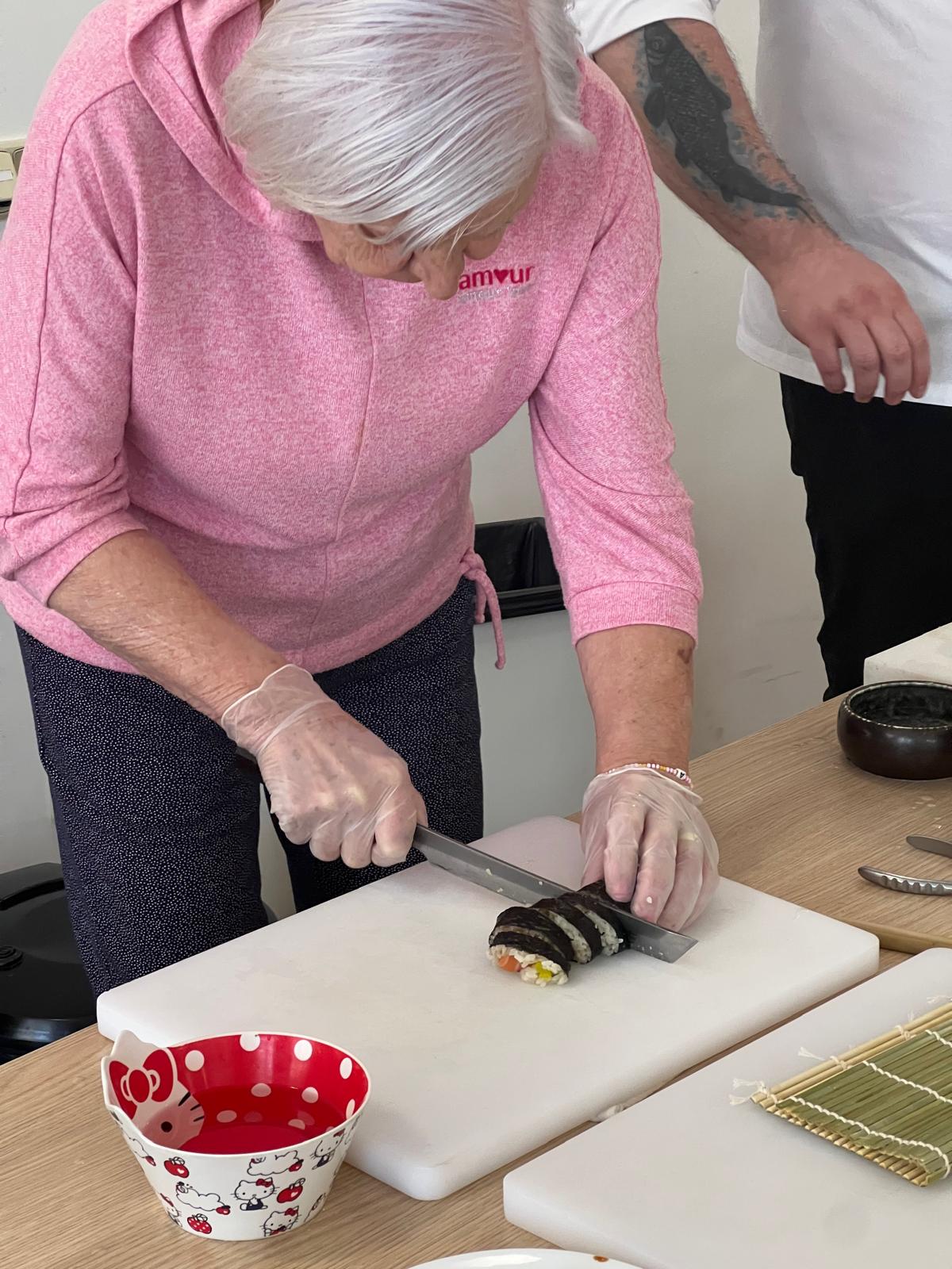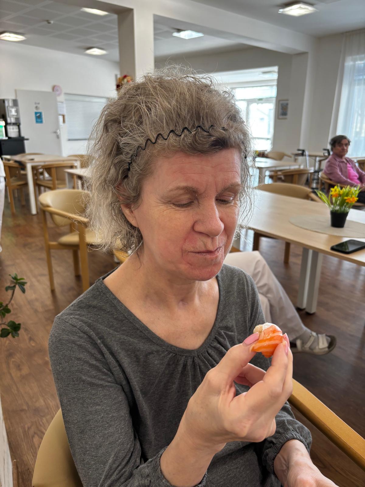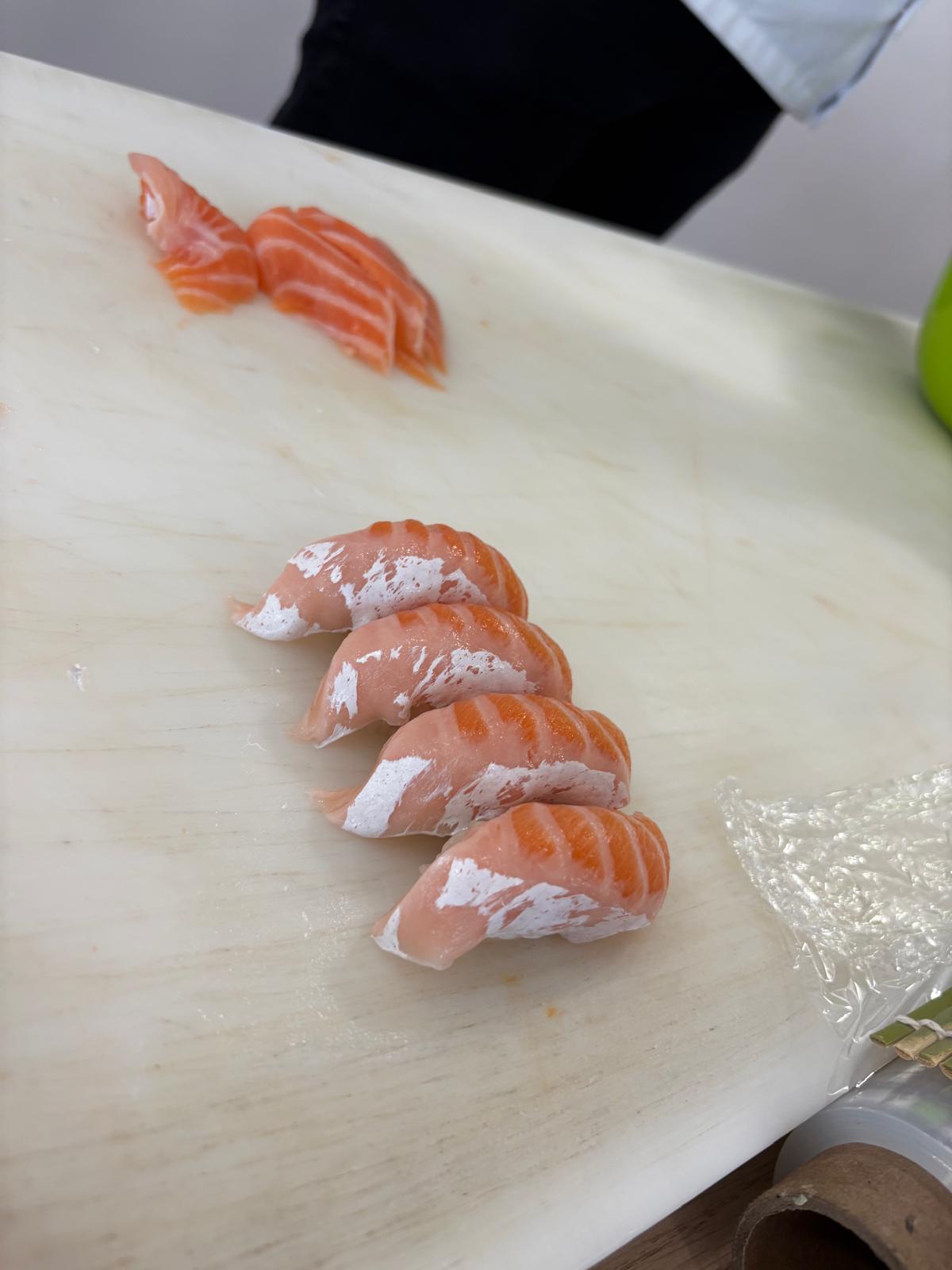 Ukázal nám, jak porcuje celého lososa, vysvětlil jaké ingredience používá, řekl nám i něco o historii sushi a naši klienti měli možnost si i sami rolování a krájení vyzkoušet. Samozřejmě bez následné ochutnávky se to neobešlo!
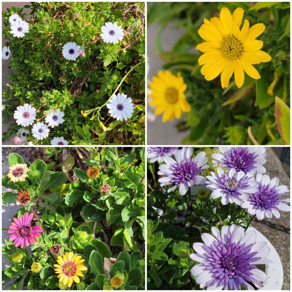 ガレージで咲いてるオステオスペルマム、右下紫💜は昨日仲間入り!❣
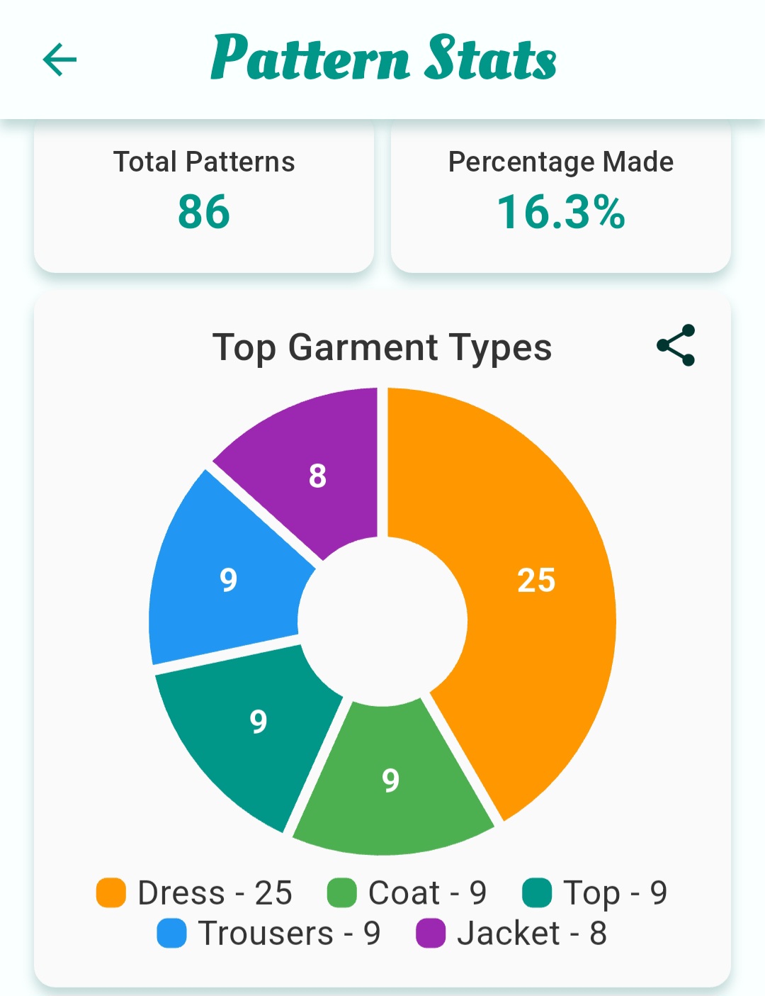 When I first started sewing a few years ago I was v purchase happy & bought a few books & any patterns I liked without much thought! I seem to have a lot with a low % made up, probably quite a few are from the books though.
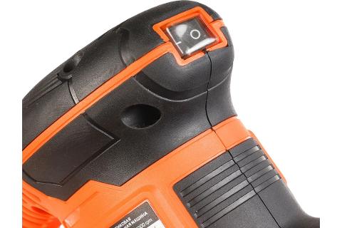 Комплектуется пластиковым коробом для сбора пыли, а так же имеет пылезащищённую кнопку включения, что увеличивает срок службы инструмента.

EXERCISE GOAL:
Line for line, restate the data above and omit every picture.

ANSWER TO THE PROBLEM:
 Ukázal nám, jak porcuje celého lososa, vysvětlil jaké ingredience používá, řekl nám i něco o historii sushi a naši klienti měli možnost si i sami rolování a krájení vyzkoušet. Samozřejmě bez následné ochutnávky se to neobešlo!
 ガレージで咲いてるオステオスペルマム、右下紫💜は昨日仲間入り!❣
 When I first started sewing a few years ago I was v purchase happy & bought a few books & any patterns I liked without much thought! I seem to have a lot with a low % made up, probably quite a few are from the books though.
 Комплектуется пластиковым коробом для сбора пыли, а так же имеет пылезащищённую кнопку включения, что увеличивает срок службы инструмента.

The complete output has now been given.